Information:
<<<<
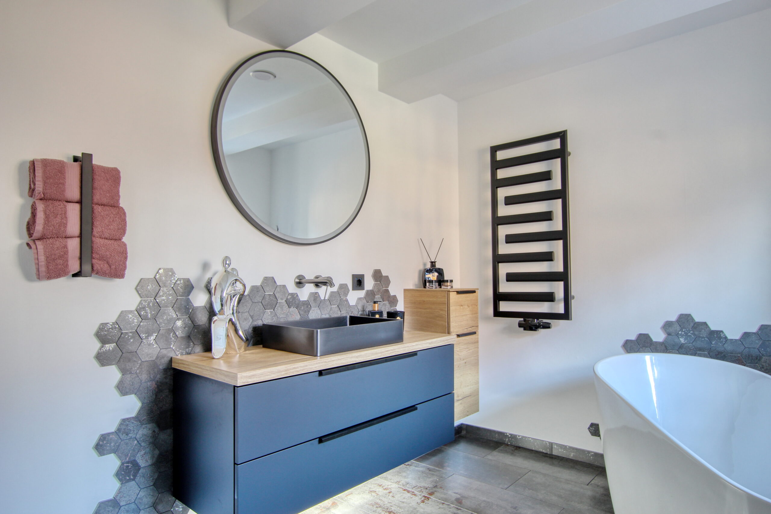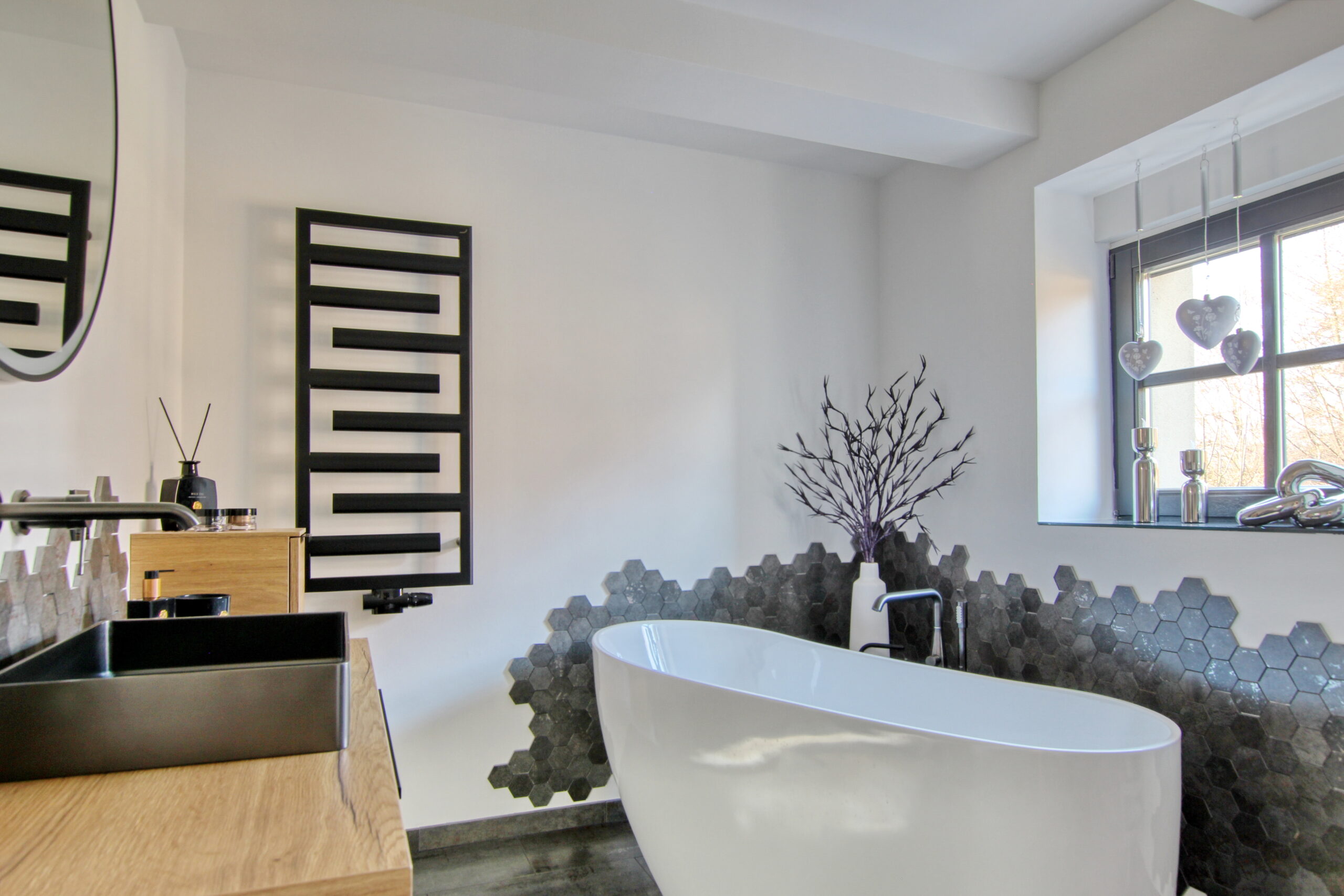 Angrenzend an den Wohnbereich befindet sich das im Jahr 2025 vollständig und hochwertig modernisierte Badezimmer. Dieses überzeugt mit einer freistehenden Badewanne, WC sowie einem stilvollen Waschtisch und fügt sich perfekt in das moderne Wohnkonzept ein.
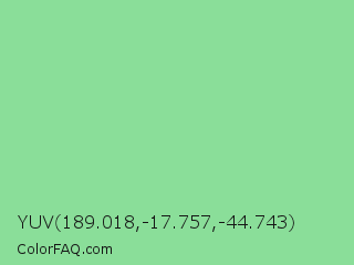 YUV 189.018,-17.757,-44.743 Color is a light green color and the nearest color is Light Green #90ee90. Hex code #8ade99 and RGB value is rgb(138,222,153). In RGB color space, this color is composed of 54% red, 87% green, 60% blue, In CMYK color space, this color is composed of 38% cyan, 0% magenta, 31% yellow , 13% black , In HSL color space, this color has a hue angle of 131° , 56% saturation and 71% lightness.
>>>>
<<<<
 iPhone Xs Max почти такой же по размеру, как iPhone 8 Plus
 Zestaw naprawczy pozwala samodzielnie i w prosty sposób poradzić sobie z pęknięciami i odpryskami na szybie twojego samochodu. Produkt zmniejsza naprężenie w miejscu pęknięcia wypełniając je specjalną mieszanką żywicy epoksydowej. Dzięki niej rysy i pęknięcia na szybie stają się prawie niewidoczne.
>>>>
Brief: Here the output must be the lines above from the line with "iPhone Xs Max" to the line with "Zestaw naprawczy pozwala", both included, duplicated word for word and nothing else.

Your solution:
 iPhone Xs Max почти такой же по размеру, как iPhone 8 Plus
 Zestaw naprawczy pozwala samodzielnie i w prosty sposób poradzić sobie z pęknięciami i odpryskami na szybie twojego samochodu. Produkt zmniejsza naprężenie w miejscu pęknięcia wypełniając je specjalną mieszanką żywicy epoksydowej. Dzięki niej rysy i pęknięcia na szybie stają się prawie niewidoczne.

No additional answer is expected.